Insecure stands tall in this year’s astounding freshman class of confessional comedies, following in the wake of Louie. When Louis C.K. elbowed through the doors of the sitcom format a few years ago, it turns out he was opening up room for all sorts of fellow travelers to stumble in his footsteps, bringing problems even nastier and crises even funnier than his, courtesy of followers as varied as Donald Glover’s Atlanta, Pamela Adlon’s Better Things, Tig Notaro’s One Mississippi or Phoebe Waller-Bridge’s Fleabag. On a superficial level, none of these comedies look all that much like Louie — or like each other. But what they share is that rebel spirit, refusing to tone down the characters’ abrasive edges, not turning them into precious adorkable hug-puppets or cartoon cranks, not resolving their flaws into convenient TV personas. Rae’s meta-sitcom succeeds because her heroine fun to hang with for a half hour, but it’s the kind of comedy that wouldn’t work unless she makes her avatar tough to root for sometimes.

Issa’s fictional counterpart spends a lot of her time wondering out loud why she’s made such a wreck of her life.
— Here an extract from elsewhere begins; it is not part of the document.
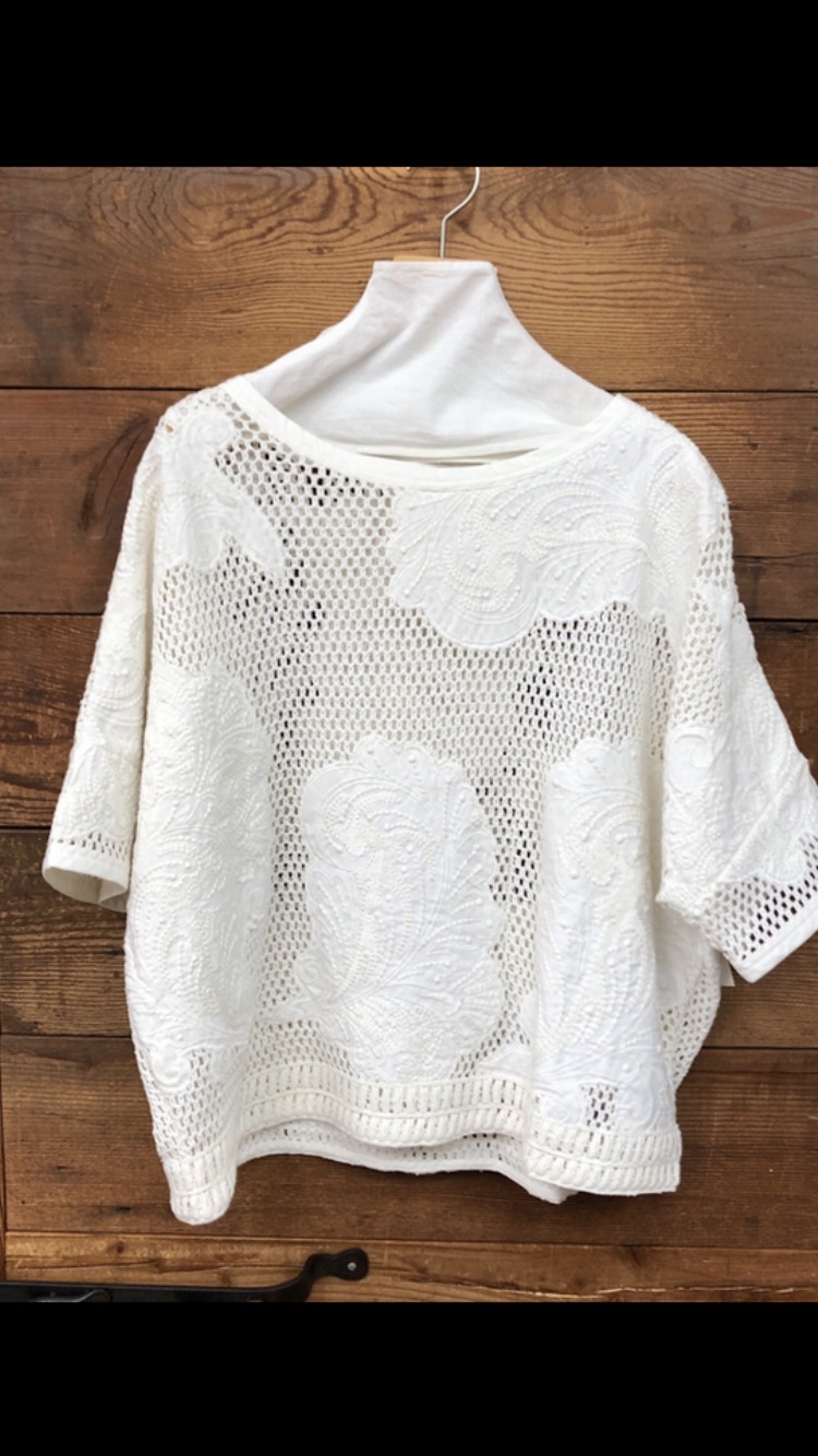 レースモチーフプルオーバー 💕 甘辛ミックスが絶妙なメッシュ生地のデザインプルオーバー が明日入荷となりました💕 こちらのオフホワイトとサンドベージュの各一枚限りの入荷となります💕 小顔&着痩せシルエット💕💕💕 インナーに合わせる、美シルエットのロンT¥2750もご用意しております🥰 春夏のヘビロテアイテムとなりそうです 母の日のプレゼント🎁などにもお勧めの1着です レースモチーフプルオーバー ¥12000🌸 素材 コットン100% 2021年3月5日

She does rap freestyles into the bathroom mirror, which double as comic diary entries. Faced with a drink and a live microphone, she’ll also jump up to perform them onstage, as in her rap “Broken Pussy.” Insecure (which she co-created with Larry Wilmore, late of The Nightly Show) gives her a host of full-grown neuroses, grappling with sex, money, race and the legacy of Nineties R&B. (One man tries to sweet-talk her by comparing her to “the missing ingredient in Oaktown 3-5-7. The nine, if you will.”) As she gets ready to kiss her twenties goodbye, she has trouble deciding if her longtime boyfriend Lawrence is good enough for her (or too good for her), while they keep falling into petty squabbles: “We are not about to be the black couple fighting in Rite Aid!” And she’s tempted by her weakness for long-simmering crush Daniel – or as she calls him, her “Achilles’ Dick” – and her lawyer BFF Molly, a dating app junkie.
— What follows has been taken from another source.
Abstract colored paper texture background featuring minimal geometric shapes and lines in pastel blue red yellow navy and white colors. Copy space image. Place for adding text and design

Dee makes disastrous moves professionally, sexually and in every other way – a soulful slacker with the broken-pussy blues. Like her character, Insecure can be a hot mess and a half, which is a big part of the Louie legacy too, since abandoning the well-worn rhythms of TV comedy means taking chances to find something new. But Insecure has an emotional punch that makes it a welcome presence – the kind we’ll be counting on and clinging to as we head into one hell of a long, cold winter.